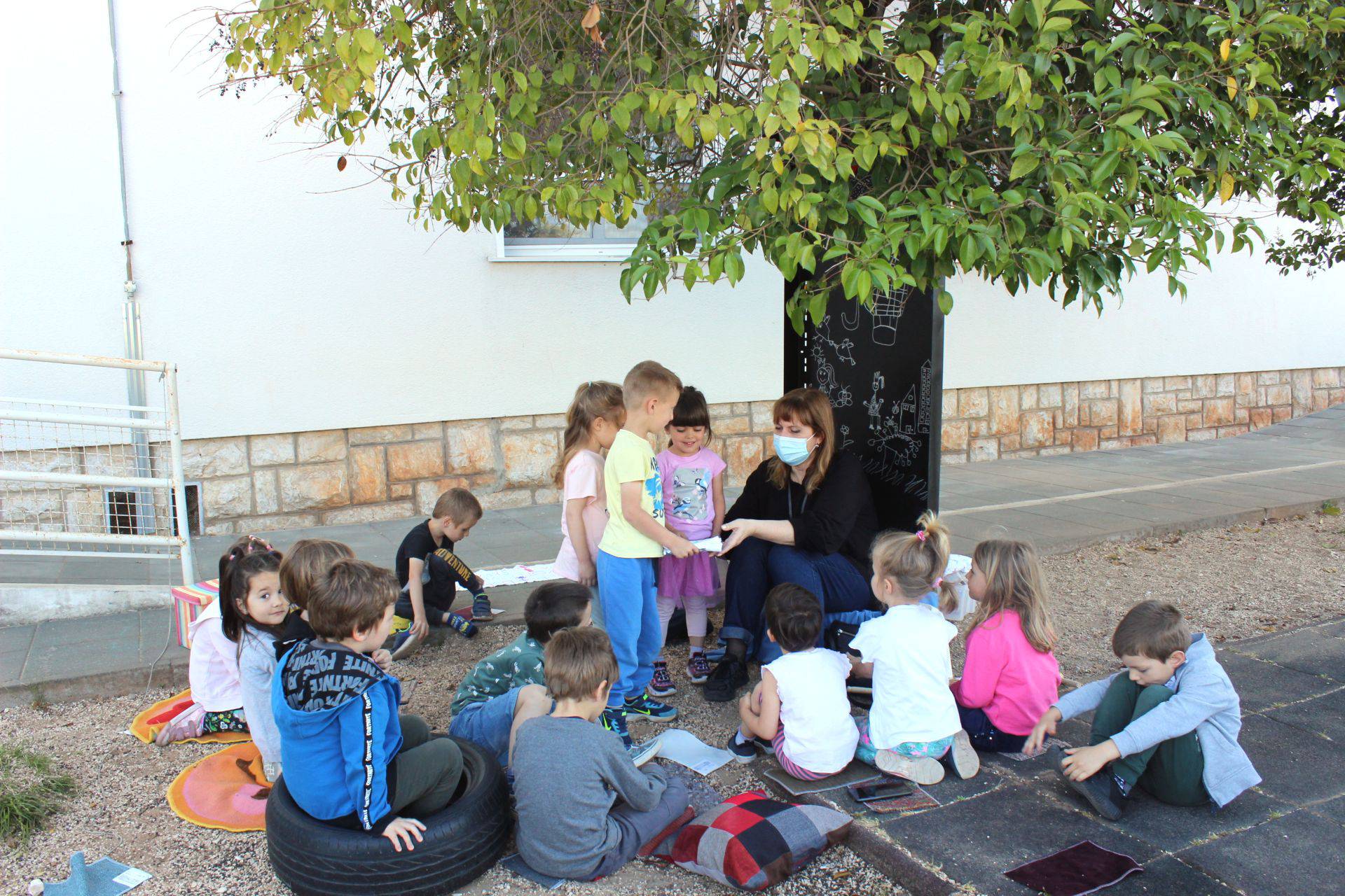 Posjetili smo DV Radost, PO Višnjik. Knjižničarka se družila s djecom i tetama iz skupine Trešnjice, uz priče, zagonetke i kviz-pitalice. Na dar smo dobili vrećicu koju su sami oslikali prema motivima iz priča i nacrtali su tetu Dajanu kojoj su poželjeli da ode na plažu.
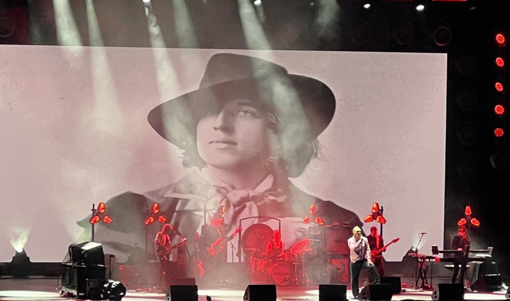 Still, things could have been much worse. There were no guest appearances by Tommy Robinson or Nigel Farage and the closest he came to being edgy was when he said, “I’m very concerned with all communities but the one that’s at risk now is my own community.” At this point a massive picture of Oscar Wilde appeared and he started playing English Blood, Irish Heart. I choose to take this as meaning that he defines his community as gay, Irish writers. I am sure that was the intention.
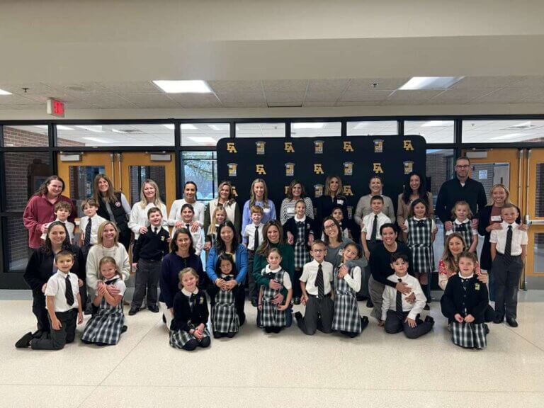 Both second grade classrooms had their mother and child retreat on November 12. They started off the morning with Fr. Christopher in the high school
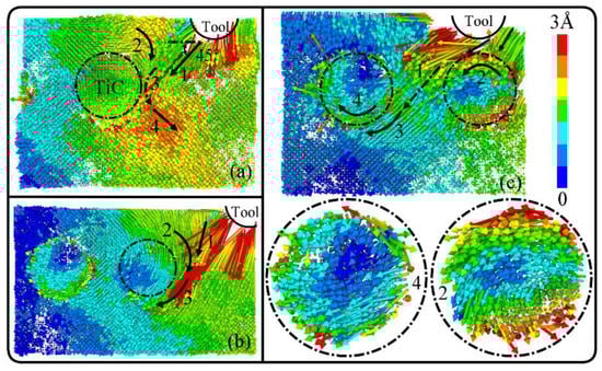 To observe the microscopic deformation behaviors of the workpiece during the friction process, typical atomic displacement vector maps of the workpiece when the grinding ball is located before and above the TiC phase were obtained to color according to the size of the atomic displacement, as shown in Figure 6. One can see that when the grinding ball just contacts the workpiece, the atoms at the lower end of the grinding ball produce a 45° displacement trend along the most likely to slip surface of FCC structure atoms, as shown in Figure 6(a1). However, the motion is hindered when the atoms encounter the TiC phase in motion, as shown in Figure 6(a2,a3). With the relatively large hardness of the TiC phase, the obstacles-cutting case is difficult to happen for the hard obstacles, so the atoms cannot break through the TiC phase to continue in their original direction of motion, resulting in a deflection of the direction of motion of the atoms, as shown in Figure 6(a4). With the friction distance increases, and the grinding ball continuing to move downwards, the effect on the workpiece atoms increases, whereas the atoms are still unable to break through the TiC phase, creating a tendency to move along the outer edge of the TiC phase towards the inside of the workpiece, as shown in Figure 6(b2,b3). Meanwhile, the nickel atoms rub against the atoms on the right side of the TiC phase during the motion, causing the TiC phase atoms to develop a rotational tendency. When more nickel atoms act on the TiC phase, the TiC phase atoms develop a counterclockwise rotational motion, and the immediately following nickel atoms also produce a counterclockwise rotational motion, as shown in Figure 6b. Nevertheless, when the grinding ball is pressed positively against the TiC phase, the TiC phase atoms occur in a clockwise rotational motion, as shown in Figure 6(c2). This is mainly due to the change in the position of the nickel atoms acting on the TiC phase; the atoms at the lower end of the grinding ball act on the upper surface of the TiC phase, and the mutual friction between the nickel and TiC phase atoms causes a clockwise rotational motion of the TiC phase atoms. It is noteworthy that the nickel atoms continue to move in the 45° direction after bypassing the TiC phase, as shown in Figure 6(c1). Similarly, when the grinding ball is located before the next TiC phase, the atoms produce a motion similar to that in Figure 6b, as shown in Figure 6(c3,c4). The above indicates that the TiC phase guides the movement of the atoms inside the workpiece, and the movement of the atoms in the TiC phase absorbs part of the force of the grinding ball on the workpiece, increasing the plastic deformation capacity of the workpiece.
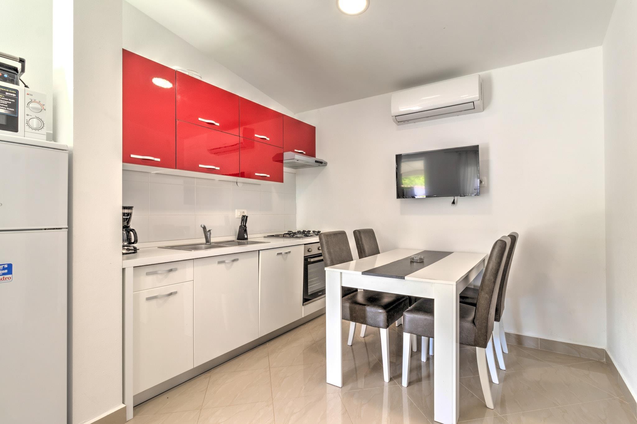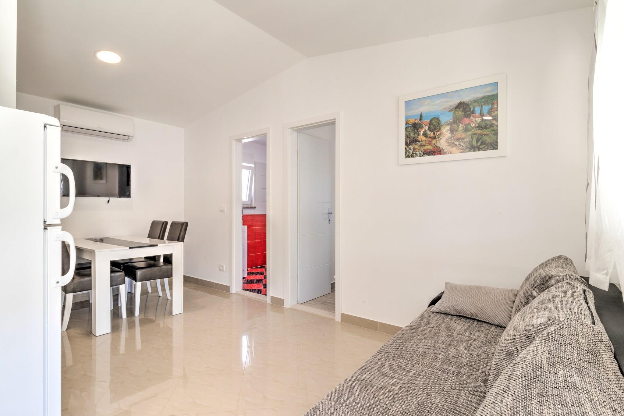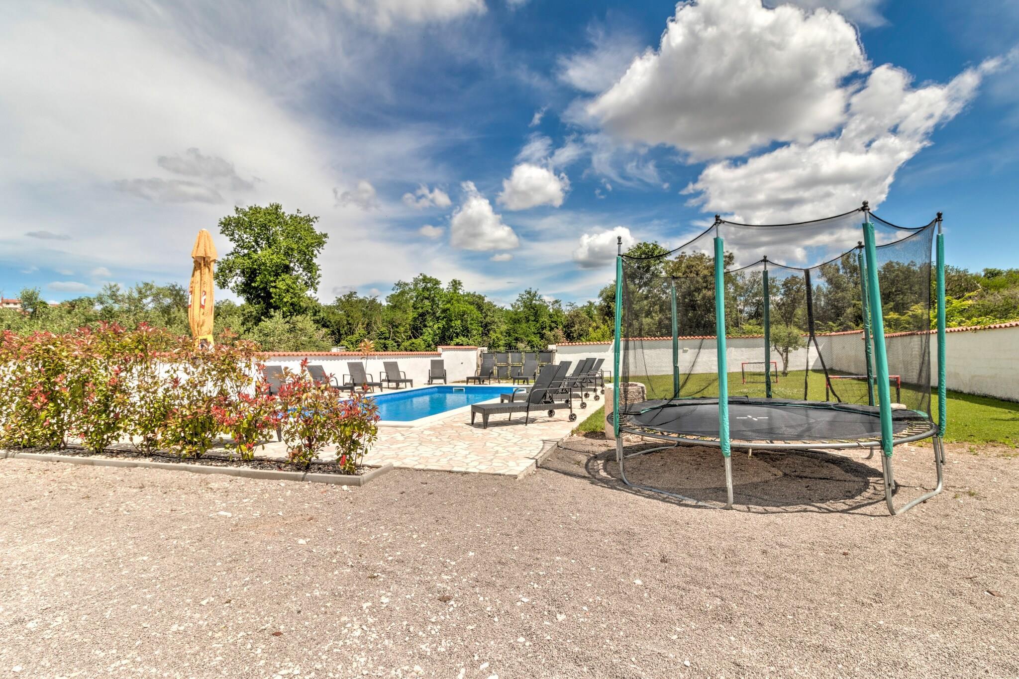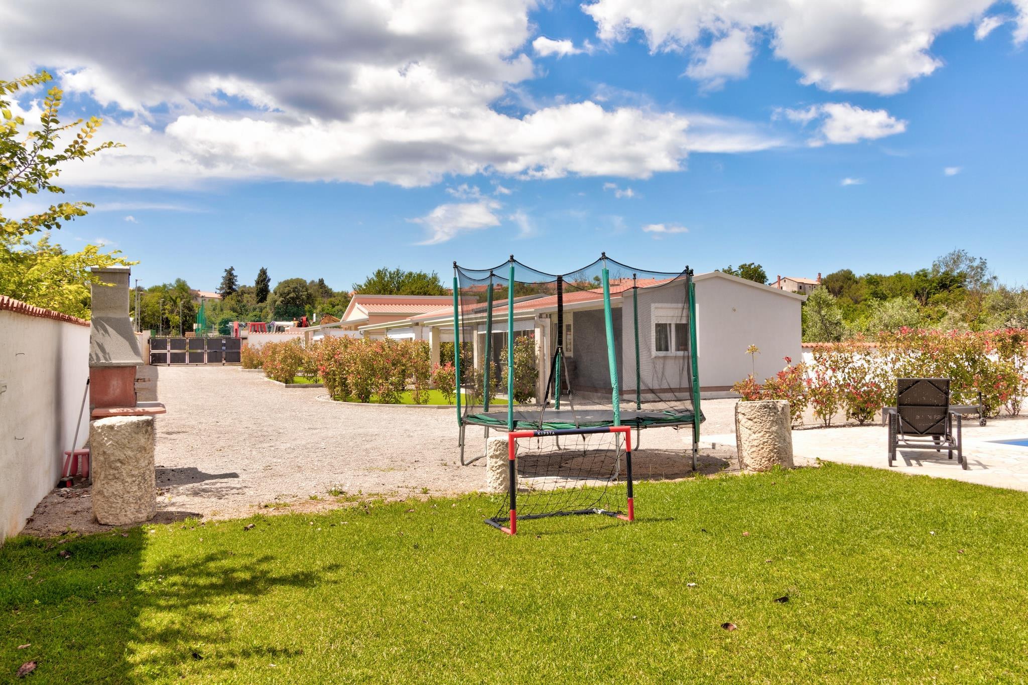Dette kjæledyrvennlige feriehuset for seks gjester ligger i den sjarmerende kystbyen Banjole, og tilbyr en perfekt blanding av avslapning og eventyr. Bare 1 km fra stranden og 2 km fra Pula, gir det enkel tilgang til fantastiske kystlandskap, historiske steder og levende lokal kultur. Enten du slapper av på den solfylte terrassen, nyter utendørsaktiviteter eller utforsker attraksjoner i nærheten, garanterer dette tilfluktsstedet et minneverdig opphold med gratis Wi-Fi og moderne bekvemmeligheter. Innvendig har hjemmet en romslig stue og soverom med en sammenleggbar dobbelseng, TV og klimaanlegg, et velutstyrt kjøkken med vannkoker, kokende vannkran, kaffemaskin, stekeovn, mikrobølgeovn, oppvaskmaskin og kjøleskap, og et soverom med køyesenger eller to enkeltsenger. Hovedsoverommet har en king-size-seng og et eget bad med badekar eller dusj og toalett, supplert av et ekstra bad for enkelhets skyld. Utendørs kan gjestene slappe av på terrassen med hagemøbler, solsenger og grill, eller nyte trampoline, tennisbane, fotballmål og lekeutstyr. I nærheten viser Augustus-tempelet utsøkt romersk arkitektur, mens Brijuni-øyene tilbyr fantastisk natur og historiske skatter. Vandre gjennom Sergii-buen, en praktfull triumfbue fra antikken. For å spise kan du unne deg noe på Nina Pizzeria, kjent for sine italienske smaker, eller nyte fersk sjømat på Konoba Sidro. Enten du utforsker... Enten det er historie eller avslapning ved kysten, er dette feriehuset det ultimate tilfluktsstedet ved Adriaterhavet.
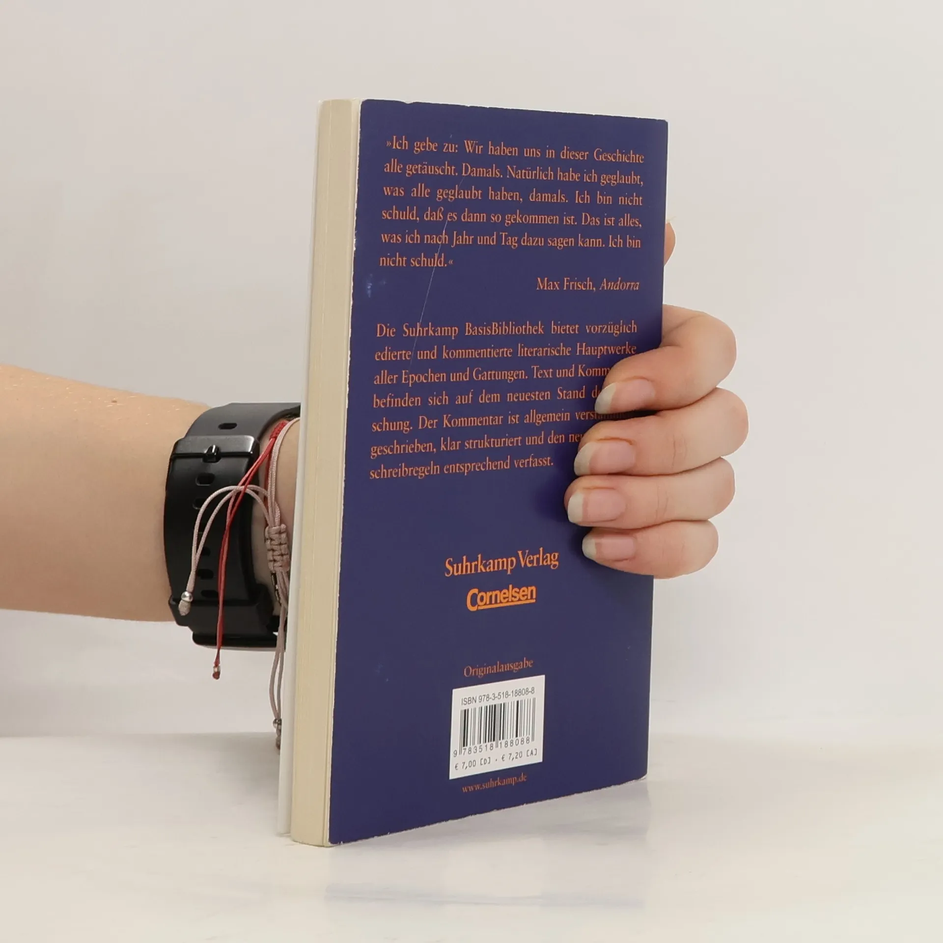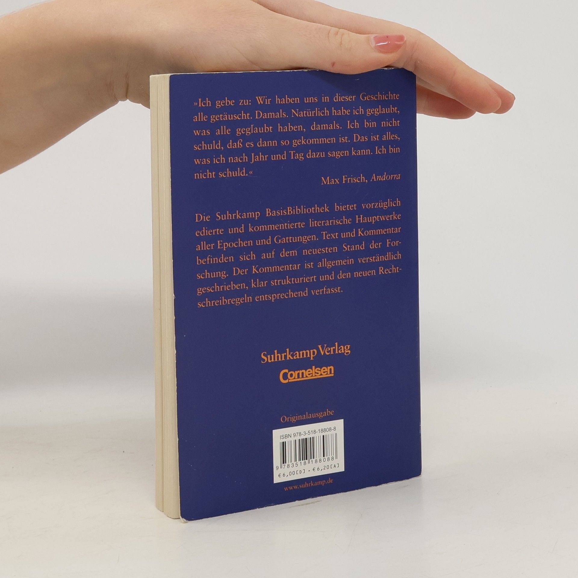 Die Kernzelle von Andorra findet sich in Max Frischs Tagebuch als Eintragung des Jahres 1946. Andorra ist der Name für ein Modell: Es zeigt den Prozess einer Bewusstseinsveränderung, abgehandelt an der Figur des jungen Andri, den die Umwelt so lange zum Anderssein zwingt, bis er es als sein Schicksal annimmt. Dieses Schicksal heißt in Max Frischs Stück »Judsein«. Das Schauspiel erschien als Buchausgabe zuerst 1961. Diese Ausgabe der »Suhrkamp BasisBibliothek – Arbeitstexte für Schule und Studium« bietet nicht nur Max Frischs Stück Andorra, seine »Anmerkungen zu Andorra«, die »Notizen von den Proben« sowie seine Prosaskizze »Der andorranische Jude«, sondern auch einen Kommentar, der alle für das Verständnis des Werks erforderlichen Informationen enthält: eine Zeittafel, die Entstehungs- und Textgeschichte, einen Überblick über die Aufführungs- und Rezeptionsgeschichte, eine Analyse der unterschiedlichen Deutungsansätze, Literaturhinweise sowie Wort- und Sacherläuterungen. Die Schreibweise des Kommentars entspricht den neuen Rechtschreibregeln.
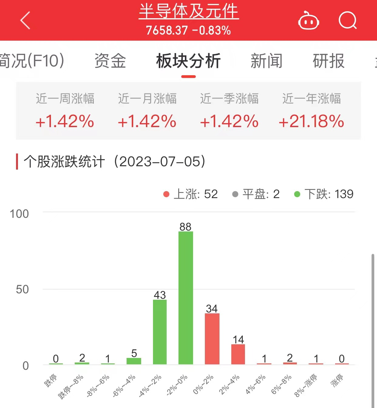 中国经济网北京7月5日讯 今日,半导体及元件板块整体跌幅0.83%,其中52只股票上涨,2只股票平盘,139只股票下跌。
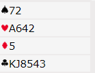 Her er et eksempel fra en stor turnering i helgen. Syd satt med disse kortene med vest som giver og ingen i sonen:
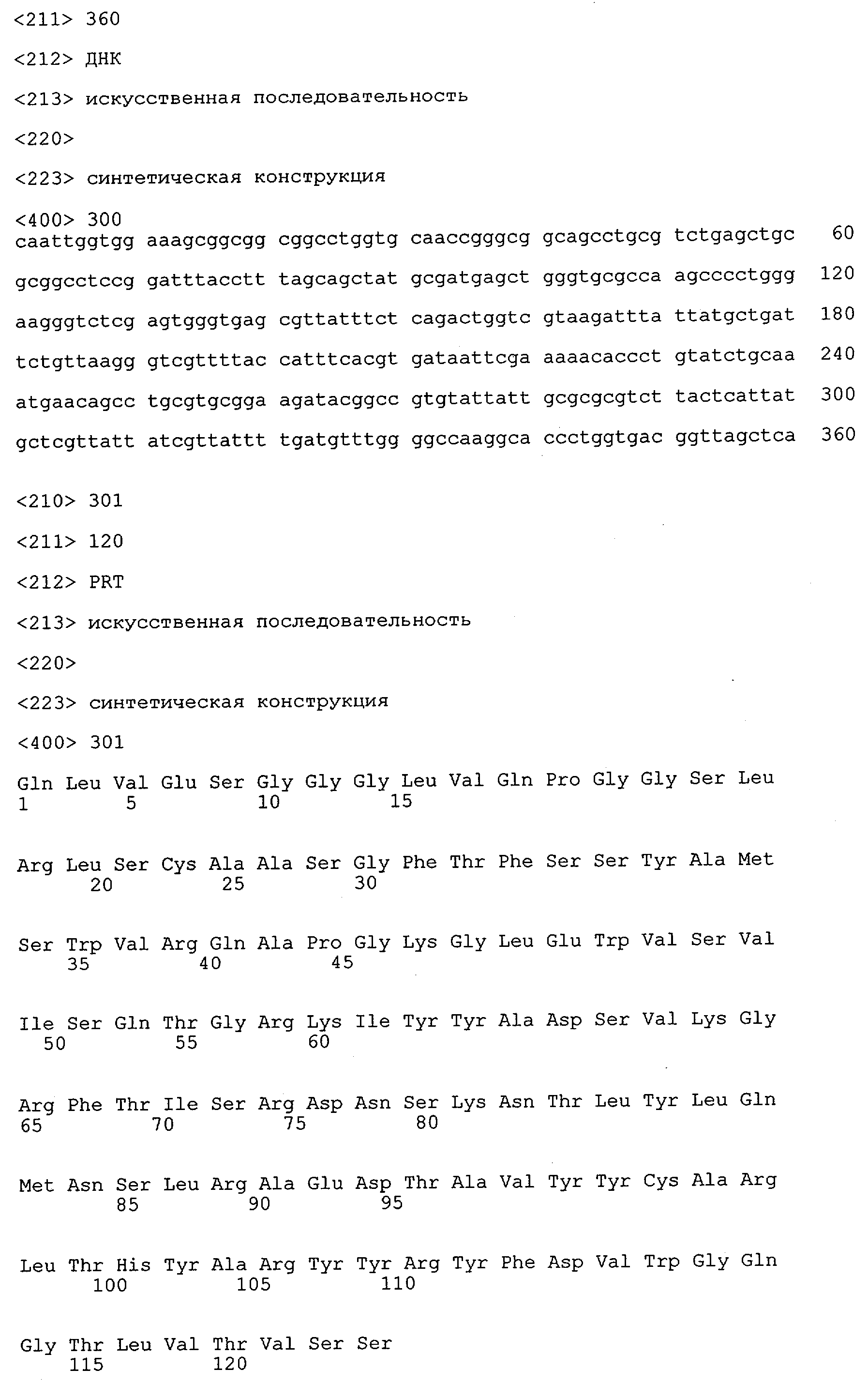 Таким образом, настоящее изобретение относится к молекуле антитела, которая обладает способностью специфически распознавать две области пептида -А4/А 4, где первая область содержит аминокислотную последовательность AEFRHDSGY (SEQ ID NO:1) или ее фрагмент, а вторая область содержит аминокислотную последовательность VHHQKLVFFAEDVG (SEQ ID NO:2) или ее фрагмент.

## Your goal
Transcribe exactly, please, the lines between the start of the records above and the line holding "Both second grade", counting both of those lines and omitting pictures.

## Reply
 Posjetili smo DV Radost, PO Višnjik. Knjižničarka se družila s djecom i tetama iz skupine Trešnjice, uz priče, zagonetke i kviz-pitalice. Na dar smo dobili vrećicu koju su sami oslikali prema motivima iz priča i nacrtali su tetu Dajanu kojoj su poželjeli da ode na plažu.
 Still, things could have been much worse. There were no guest appearances by Tommy Robinson or Nigel Farage and the closest he came to being edgy was when he said, “I’m very concerned with all communities but the one that’s at risk now is my own community.” At this point a massive picture of Oscar Wilde appeared and he started playing English Blood, Irish Heart. I choose to take this as meaning that he defines his community as gay, Irish writers. I am sure that was the intention.
 Both second grade classrooms had their mother and child retreat on November 12. They started off the morning with Fr. Christopher in the high school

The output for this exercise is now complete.